WORK INSTRUCTIONS: The lines to return run from the start of the material below through the line holding "(αAz = 89,4°) |", both included; please give them back exactly, minus the pictures.

DATA SEGMENT:
::::::::

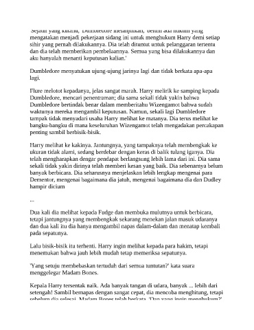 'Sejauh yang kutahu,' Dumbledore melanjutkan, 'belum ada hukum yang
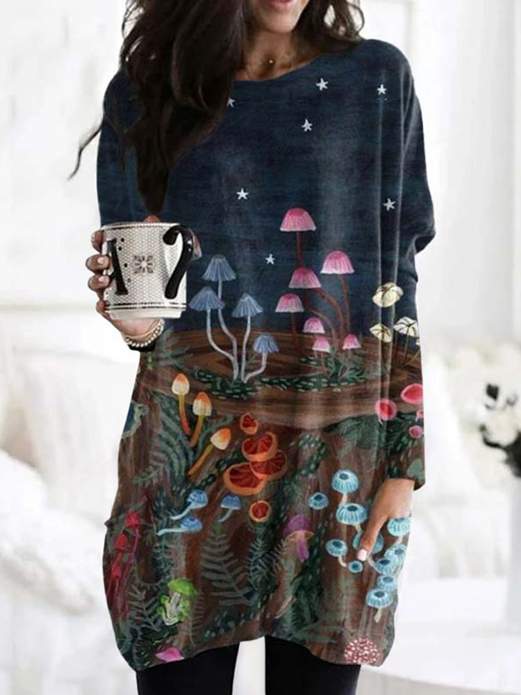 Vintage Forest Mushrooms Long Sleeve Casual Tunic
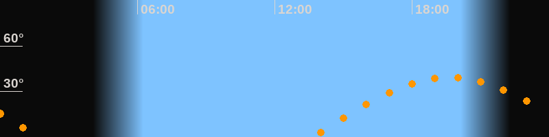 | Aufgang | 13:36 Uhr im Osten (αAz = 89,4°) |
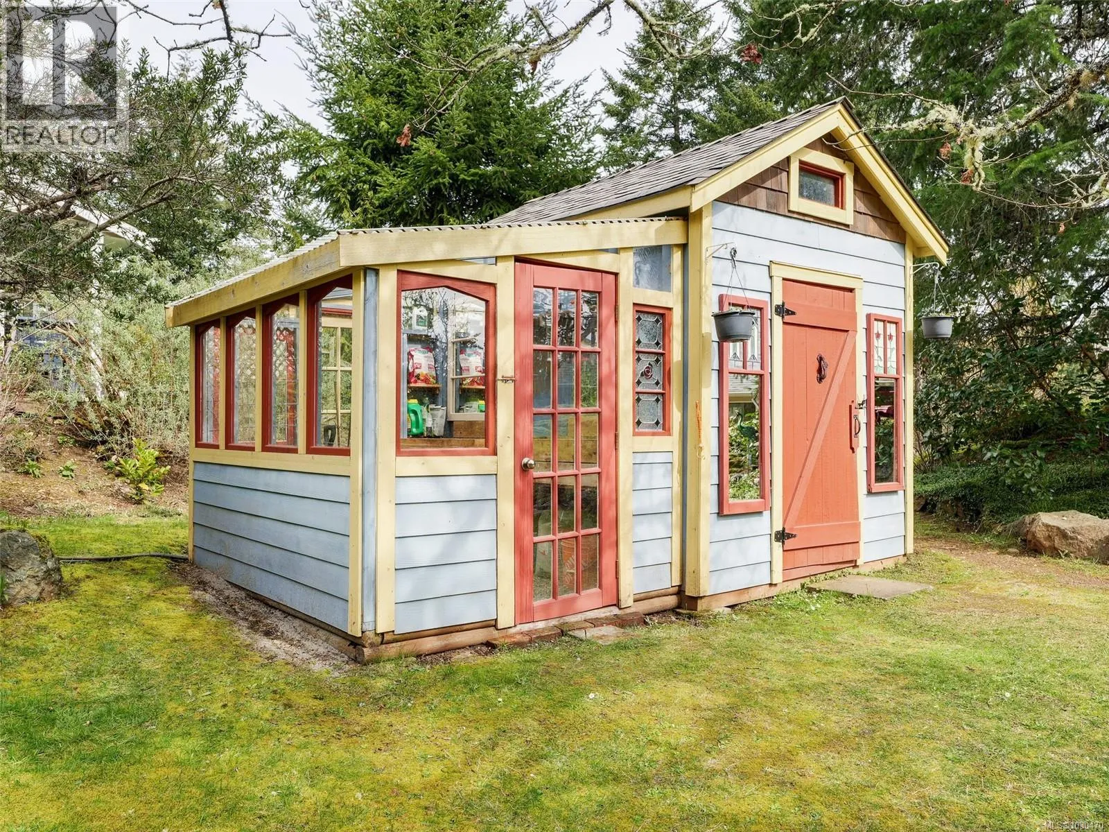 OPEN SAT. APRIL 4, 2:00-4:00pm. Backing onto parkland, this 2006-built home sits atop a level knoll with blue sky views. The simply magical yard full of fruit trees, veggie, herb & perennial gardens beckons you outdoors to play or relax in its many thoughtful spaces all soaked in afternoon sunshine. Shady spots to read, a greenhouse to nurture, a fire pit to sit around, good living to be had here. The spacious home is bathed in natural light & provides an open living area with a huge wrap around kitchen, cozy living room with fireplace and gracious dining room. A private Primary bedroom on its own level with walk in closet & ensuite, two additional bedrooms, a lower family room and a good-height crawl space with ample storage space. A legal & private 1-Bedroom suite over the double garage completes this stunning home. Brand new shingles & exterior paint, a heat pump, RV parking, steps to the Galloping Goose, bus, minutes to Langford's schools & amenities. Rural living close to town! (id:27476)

::::::::

EXERCISE ANSWER:
 'Sejauh yang kutahu,' Dumbledore melanjutkan, 'belum ada hukum yang
 Vintage Forest Mushrooms Long Sleeve Casual Tunic
 | Aufgang | 13:36 Uhr im Osten (αAz = 89,4°) |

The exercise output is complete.